[PATCH] D25963: [LoopUnroll] Implement profile-based loop peeling

Tue Oct 25 20:51:11 PDT 2016

mkuper added a comment.

In https://reviews.llvm.org/D25963#579328, @hfinkel wrote:

> As a high-level comment, it would be nice to also have loop metadata to specify a typical trip count (or trip counts).
>
> Intel, for example has (https://software.intel.com/en-us/node/524502):
>
>   #pragma loop_count(n)
>   
>
> which asks the optimizer to optimize for a trip count of n.
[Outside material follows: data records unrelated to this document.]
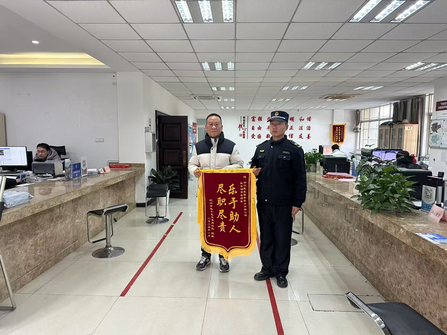 1月6日,浙江民泰公司駐杭州市臨平區東湖市容項目收到朱家角社區贈送的一面繡有“樂(lè )于助人 盡職盡責”的錦旗,感謝公司員工在助力社區開(kāi)展的街面流動(dòng)攤點(diǎn)占道經(jīng)營(yíng)、沿街商鋪跨店經(jīng)營(yíng)整治活動(dòng)中作出的積極貢獻。
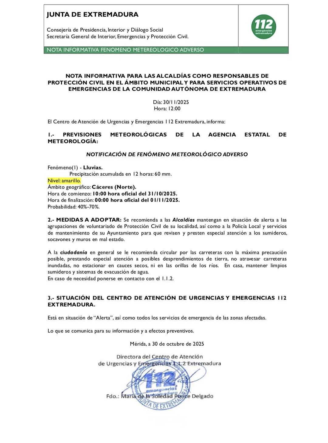 ⚠️⚠️⚠️Alerta Amarilla por lluvias⚠️⚠️⚠️Extremen las precauciones oportunas y cualquier incidencia no emergencia, 📞llamen al 1️⃣1️⃣2️⃣Se adjunta archivo con comunicación Junta de Extremadura y 112
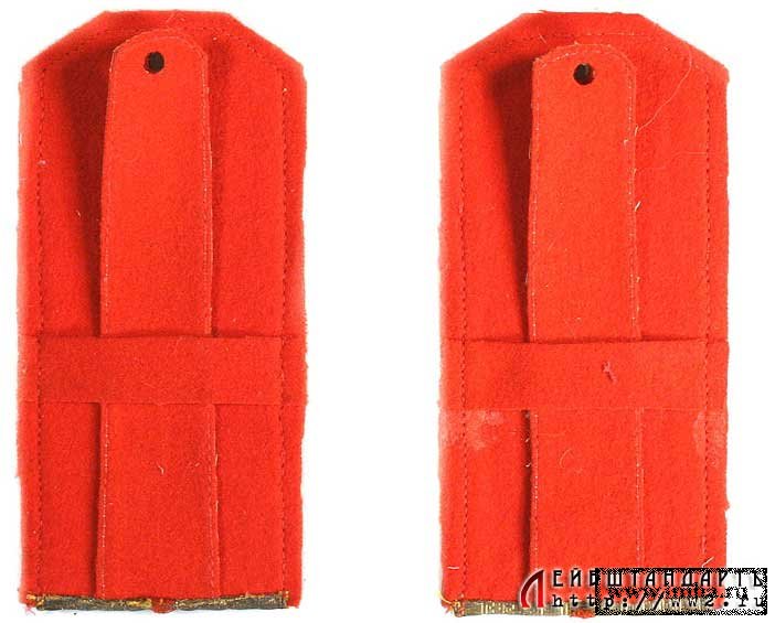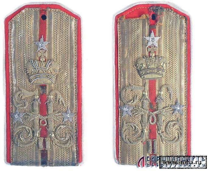 Поверхность погон из позолоченного галуна с одним красным просветом и красной окантовкой, погоны с белой каймой. Золотом вышит вензель Императора Николая II под короной, звезды вышиты посеребренной нитью. Красная суконная подложка отреставрирована. Носились при служебной и праздничной форме. (Источник: http://www.ww2.ru/) |
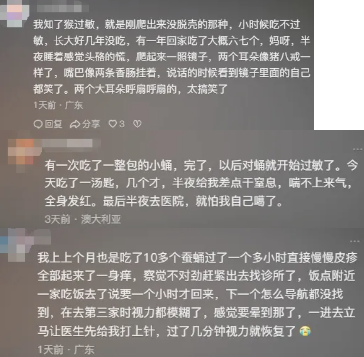 “我吃海鲜、鸡蛋、牛奶都不过敏,没想到这一次吃蚕蛹过敏了!”张先生赶紧服用抗过敏药物,第三天已完全康复。之后,他还去医院检查了过敏原,发现自己属于对异体蛋白过敏人群。
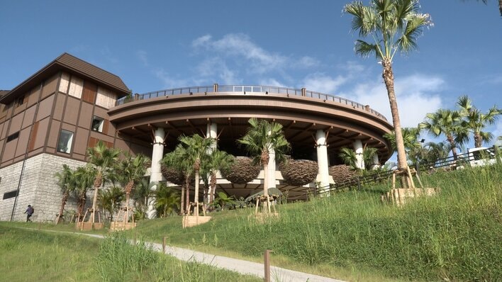 緑豊かな場所に建っているのが『PANORAMA DINING パノラマダイニング』。ヤシの木が立っていて南国感があふれています。
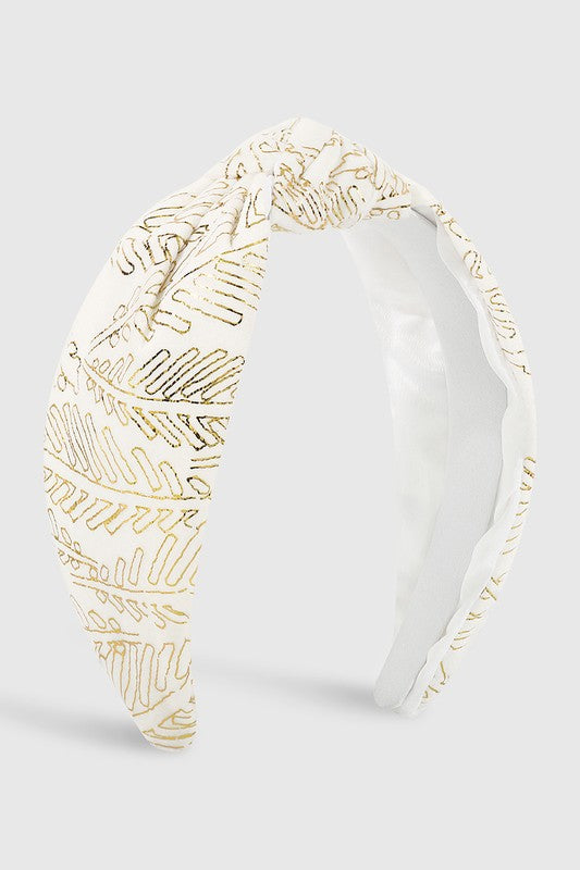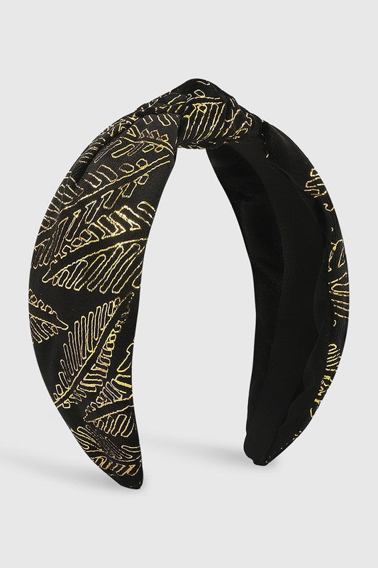 This elegant gold headband is crafted with luxurious velvet and stamped with intricate gold leaf detailing. The knot adds a stylish touch to any outfit. Enjoy all-day comfort with its lightweight design and soft fabric.
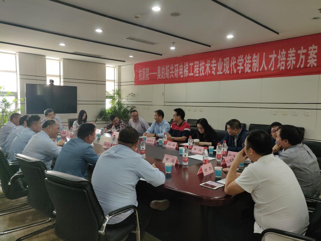 10月25日,恰逢杭职院入选中国特色高水平建设学校(电梯工程技术专业群成为中国特色高水平建设专业群)之际,奥的斯机电杭州服务中心总经理胡琨、奥的斯(中国)东区工地总经理黄坚、奥的斯机电东区工地总经理王灿炳、两家公司东区人力资源总经理及东区各服务中心总经理共15人,赴我校特种设备学院四楼会议共研奥的斯学徒班人才培养会议。电梯专业负责人金新锋主持会议,奥的斯学校(杭州)校长缪小锋参加会议。
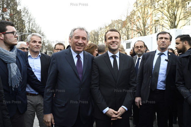 Légende : Emmanuel Macron, candidat du mouvement "En Marche !" à l'élection presidentielle, et François Bayrou dans les rues de Reims avant un meeting /// Emmanuel Macron, candidate of the movement "En Marche !" to the presiderntial election, in the streets of Reims prior to a meeting - Reims - 17/03/2017 - Photo © Lionel Préau +33 (0)6 68 12 83 77
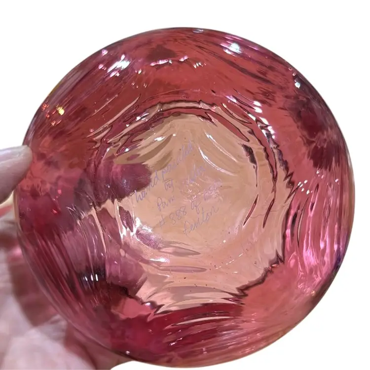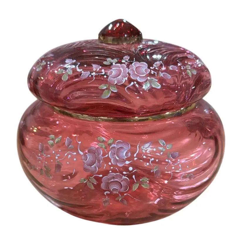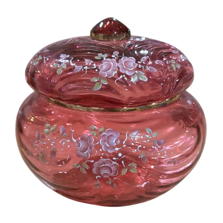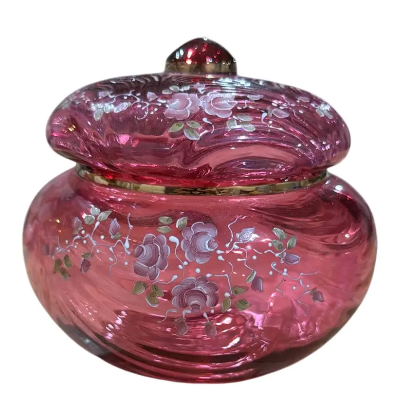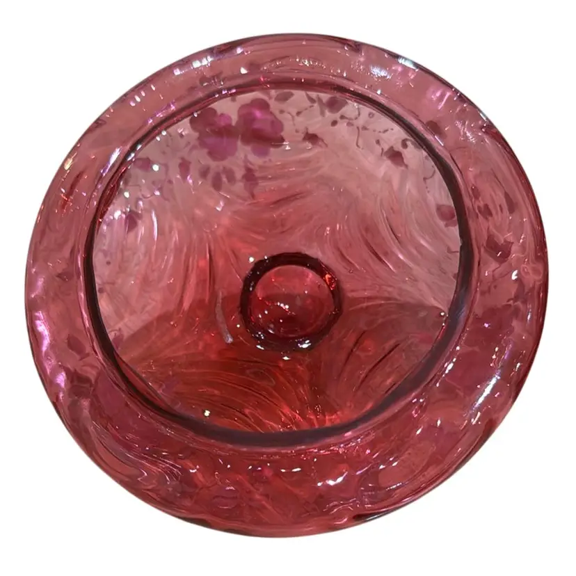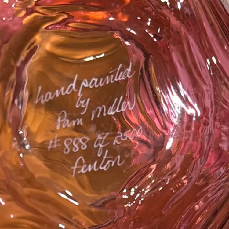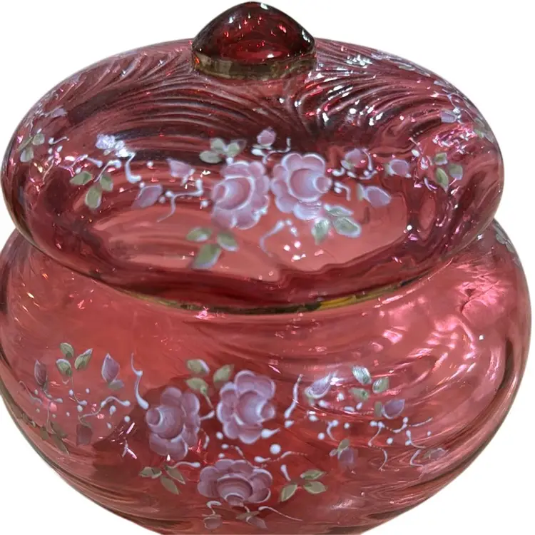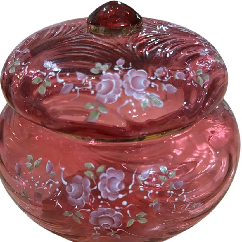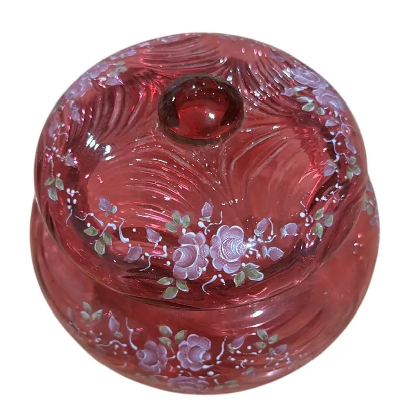 pretty Fenton cranberry glass powder jar with hand painted roses. There is a gold band around the top of the jar and around the knob on the lid. It is a limited edition #888 of 2500, hand painted by Pam Miller. It is excellent, no damage. It measures 4 1/2" high and 5 1/4" across.
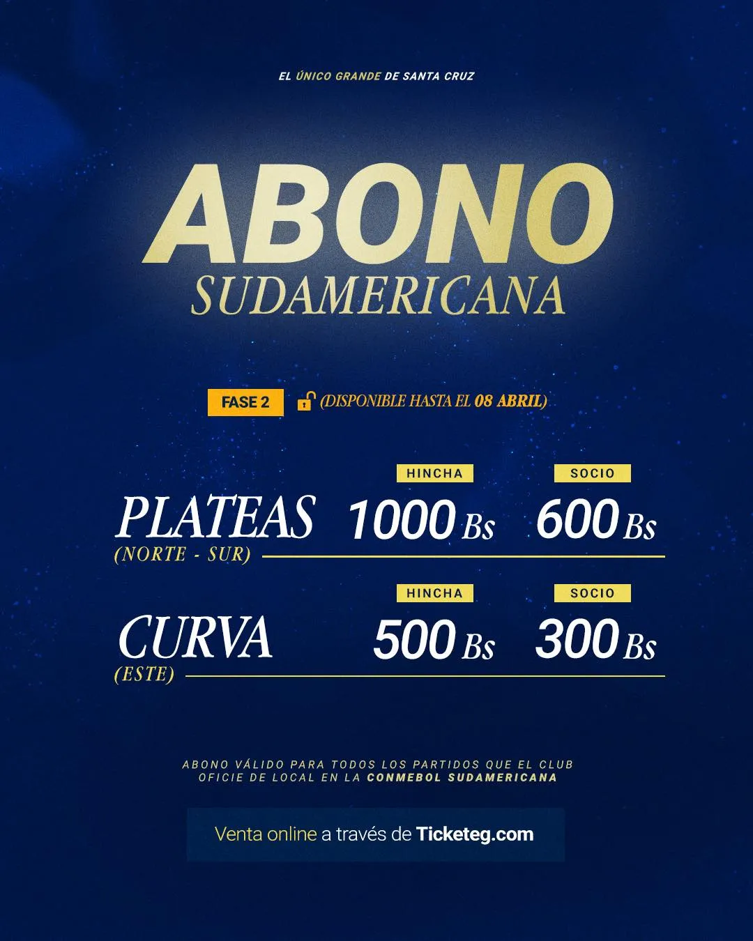 Desde Blooming tomaron la decisión de aumentar en un 100% el valor de las entradas. Antes, los abonos para los socios iban desde 100 a 250 pesos bolivianos, mientras que para hinchas de 200 a 400. Luego del sorteo, pasaron de 300 a 600 Bs para sus asociados, mientras que para el público en general se fueron de 500 a 1000 Bs.

Moreover, and perhaps more importantly, is also supports:
>
>   #pragma loop_count(n1, n2, ...)
>   
>
> which asks for specializations for trip counts n1, n2, etc.
>
> Also supported by Intel's compiler is:
>
>   #pragma loop_count min(n),max(n),avg(n)
>   

I agree this would be nice, but I think it's somewhat orthogonal.
We can start with an implementation of "estimated trip count" that relies on branch weights, and refine to use more specialized metadata if/when we have it.

> FWIW, obviously part of the problem with the average is that you might miss the common trip counts. A loop that is generally executed with a trip count of 3 or 5, might end up with a average near 4; I'm not sure what the best thing would be to do in that case.

Right, but at least for sampling-based PGO, I think average is the best we're going to get. (Instrumentation can probably do better, and user hints certainly can).
I'm not entirely sure this is a problem, though. We want to optimize for the common case, and I think the average gives us that - in the "0.5 * 3 + 0.5 * 5" case, if we peel off 4 iterations, then 90% of the dynamically executed iterations will hit the peeled-off section - all iterations of the "3 trips" case, and 4 out of 5 iterations of the "5 trips" cases. Which is hopefully better than leaving the loop as is.

https://reviews.llvm.org/D25963